• [Supplied data]:

..............................

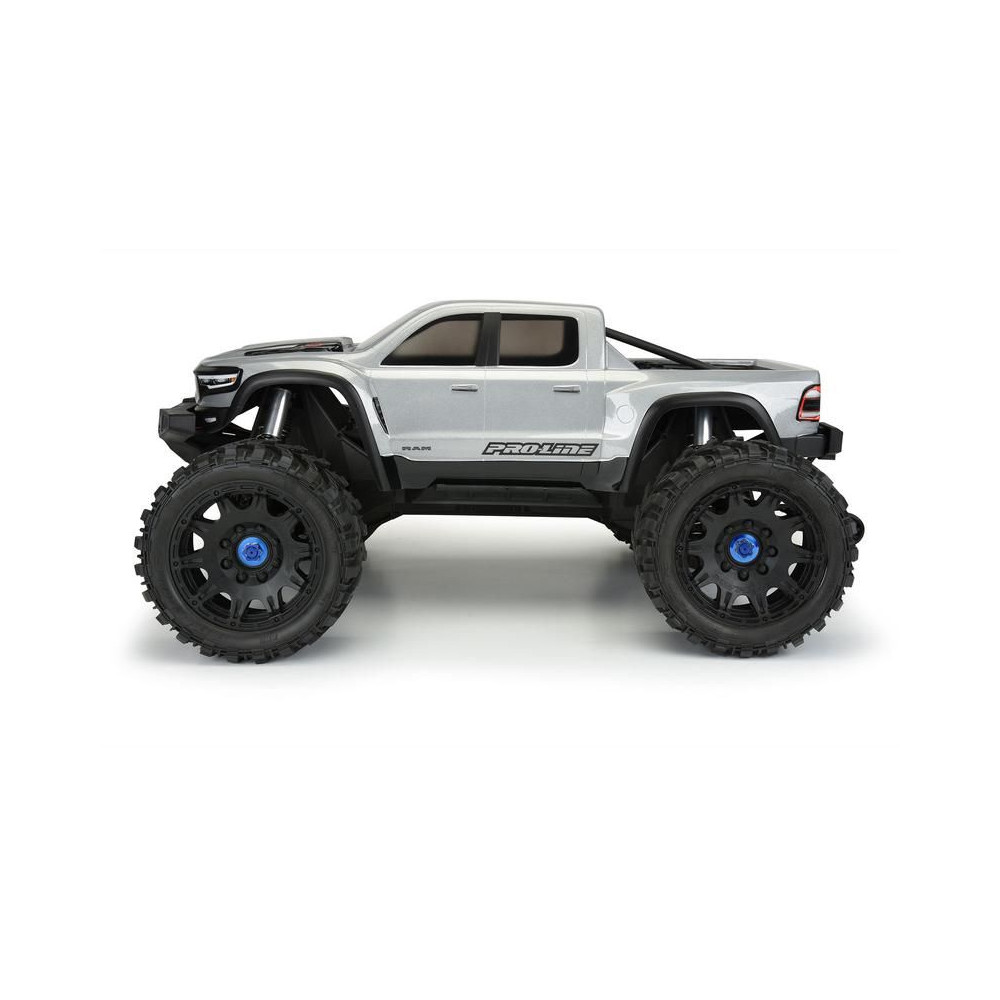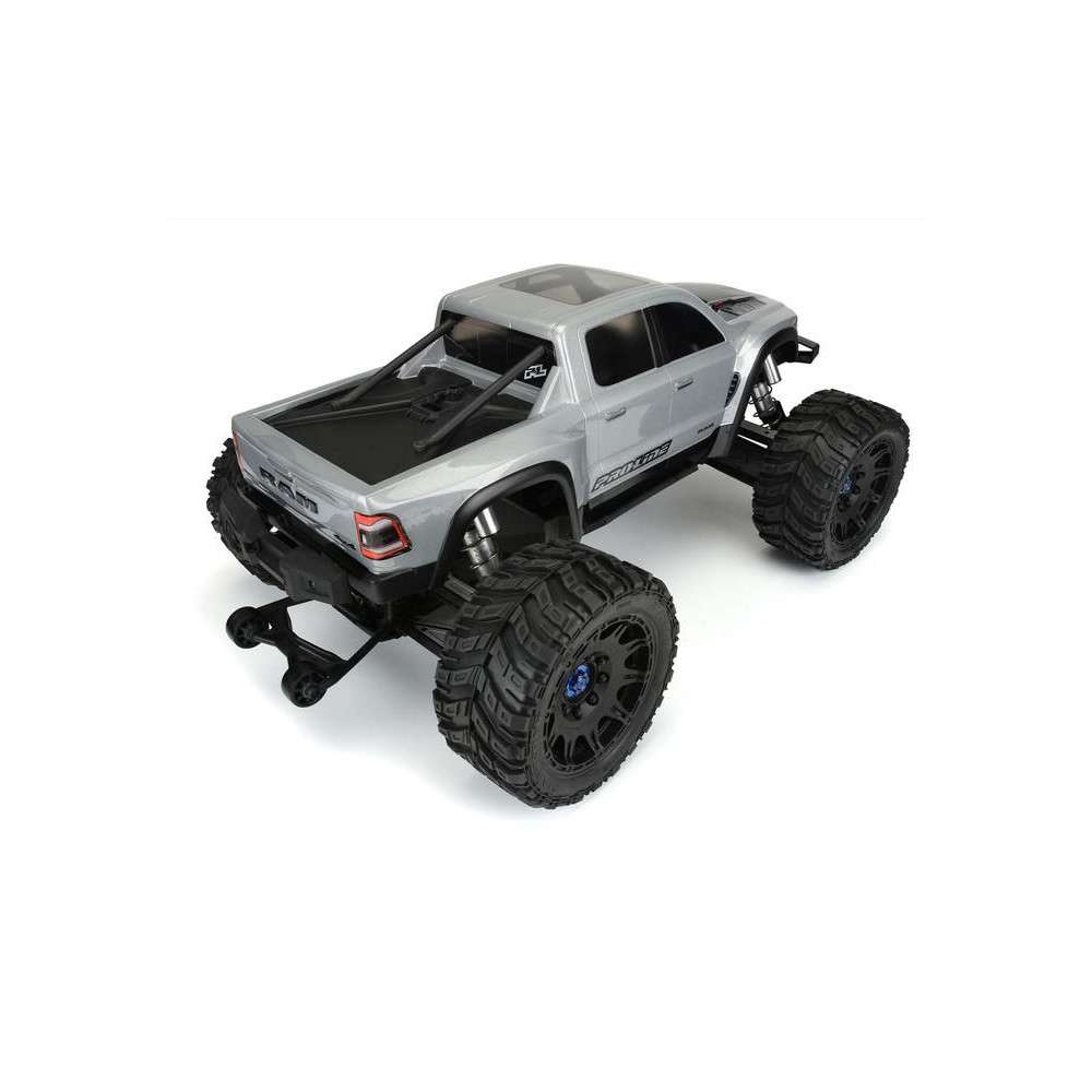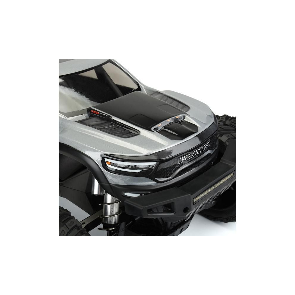 A Pro-Line kínálja a végső licencelt Ram 1500 karosszériát, amely kifejezetten az X-MAXX®-hez készült - a 2021-es Ram 1500-hoz! A nemrég megjelent 2021-es Ram 1500 a valaha gyártott legerősebb sorozatgyártású teherautó, több mint 700 lóerővel, így még a mi karosszériánk is extrém Off-Road megjelenéssel rendelkezik, amely kiemeli a Monster Truckodat a többi közül. A Pro-Line az összes agresszív méretarányos részletet beépítette a karosszériába és a jelvénybe, hogy egy rendkívül részletes makett legyen, és egy készre vágott karosszériával érkezik, így mindent gyorsabban befejezhetsz. Ez a karosszéria teljesen átalakítja az X-MAXX®-edet egy még őrültebb Bash Machine-né, és lehetővé teszi, hogy saját színezésű grafikákat adj hozzá! Adja meg X-MAXX®-jának a megérdemelt robusztus Off-Road megjelenést az új Pro-Line 2021 Ram 1500 karosszériával!
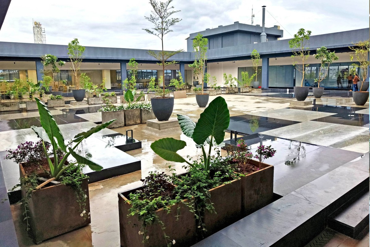 The courtyard is meticulously divided into a 3m x 3m grid, with a checkered pattern created using black and grey granite along the outer edge. Planters and dense landscaping accentuate the corners, while the central area remains open and flexible, providing a gathering space for functions, festivals, meetings, and other events. Large pots with trees are strategically placed on the nine stub columns, which were left for future expansions. This space, designed for multiple uses, seamlessly extends and integrates with the activities surrounding it, creating a dynamic and adaptable environment.
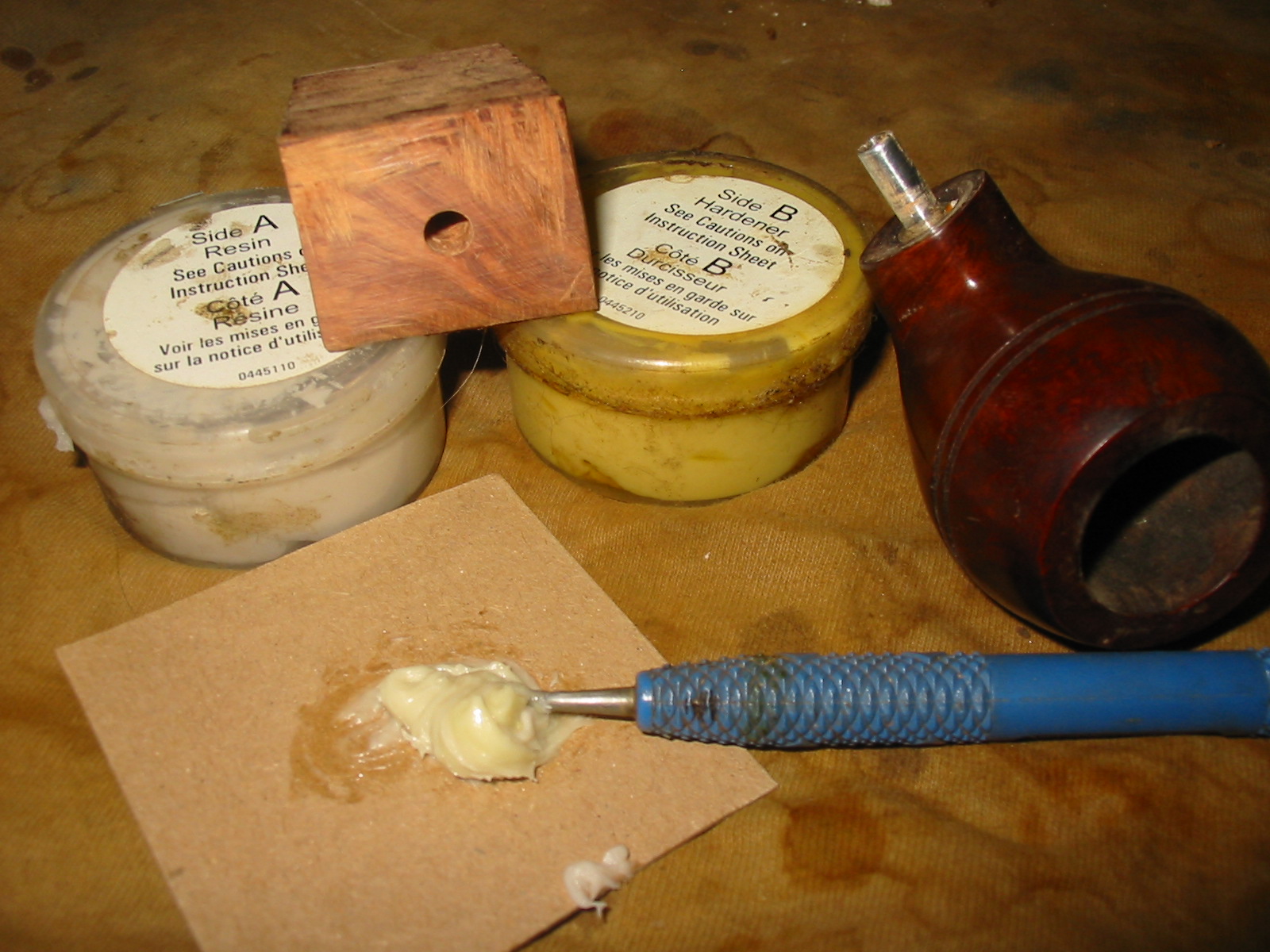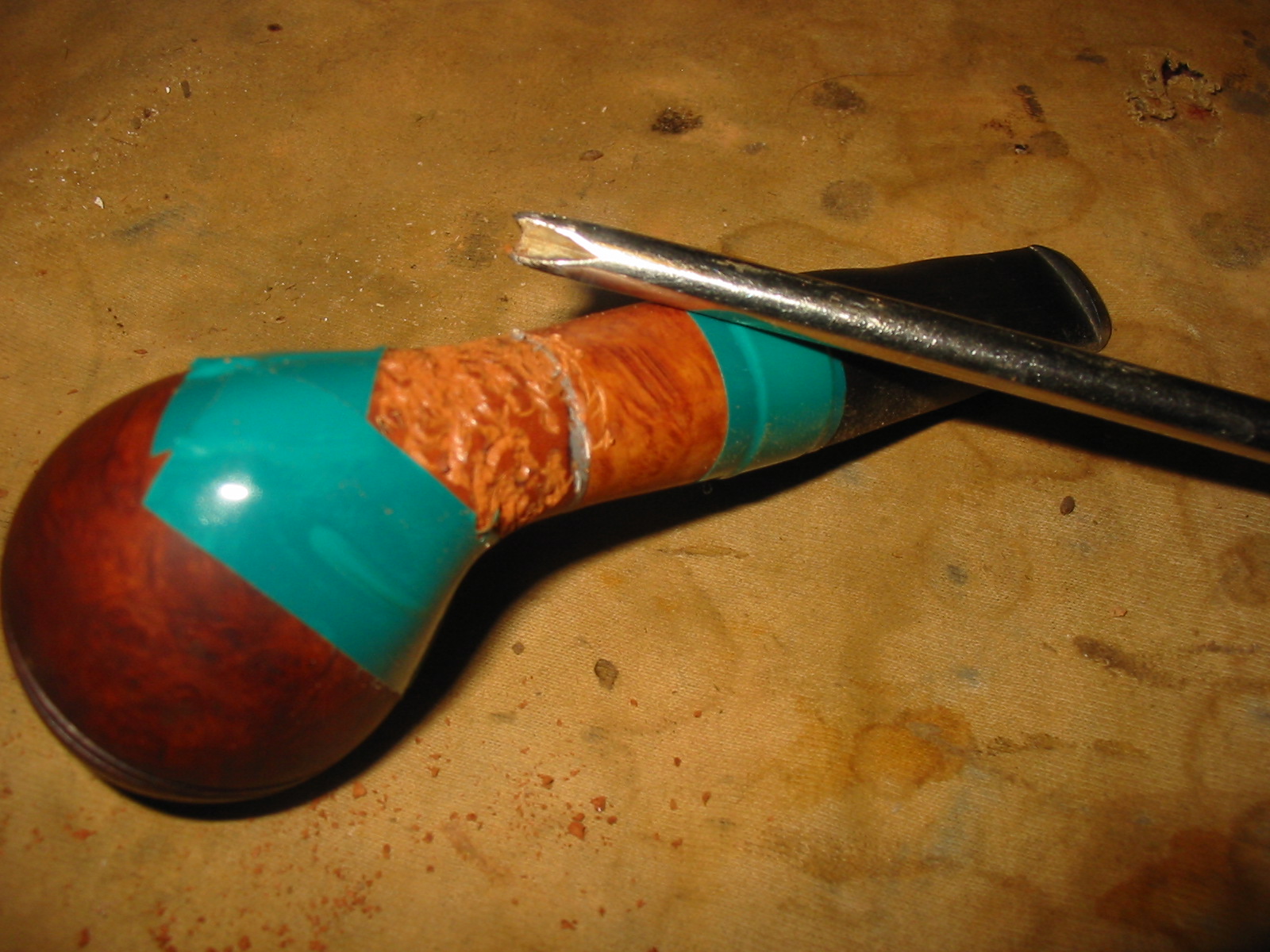 I used my topping board and sandpaper to try to face the short shank and the piece of briar to facilitate a flush fit when the two pieces were joined. The shank on the pipe had been cut at an angle so I took that into consideration when I was working on the briar extension. I mixed up a two-part epoxy and glued the block and the bowl. The photos show the epoxied joint before I cleaned it up. I clamped the pieces together overnight to let it cure.

..............................

• [Work instruction]: The answer must be the data above, repeated exactly, with no pictures.

• [Answer space]:
 A Pro-Line kínálja a végső licencelt Ram 1500 karosszériát, amely kifejezetten az X-MAXX®-hez készült - a 2021-es Ram 1500-hoz! A nemrég megjelent 2021-es Ram 1500 a valaha gyártott legerősebb sorozatgyártású teherautó, több mint 700 lóerővel, így még a mi karosszériánk is extrém Off-Road megjelenéssel rendelkezik, amely kiemeli a Monster Truckodat a többi közül. A Pro-Line az összes agresszív méretarányos részletet beépítette a karosszériába és a jelvénybe, hogy egy rendkívül részletes makett legyen, és egy készre vágott karosszériával érkezik, így mindent gyorsabban befejezhetsz. Ez a karosszéria teljesen átalakítja az X-MAXX®-edet egy még őrültebb Bash Machine-né, és lehetővé teszi, hogy saját színezésű grafikákat adj hozzá! Adja meg X-MAXX®-jának a megérdemelt robusztus Off-Road megjelenést az új Pro-Line 2021 Ram 1500 karosszériával!
 The courtyard is meticulously divided into a 3m x 3m grid, with a checkered pattern created using black and grey granite along the outer edge. Planters and dense landscaping accentuate the corners, while the central area remains open and flexible, providing a gathering space for functions, festivals, meetings, and other events. Large pots with trees are strategically placed on the nine stub columns, which were left for future expansions. This space, designed for multiple uses, seamlessly extends and integrates with the activities surrounding it, creating a dynamic and adaptable environment.
 I used my topping board and sandpaper to try to face the short shank and the piece of briar to facilitate a flush fit when the two pieces were joined. The shank on the pipe had been cut at an angle so I took that into consideration when I was working on the briar extension. I mixed up a two-part epoxy and glued the block and the bowl. The photos show the epoxied joint before I cleaned it up. I clamped the pieces together overnight to let it cure.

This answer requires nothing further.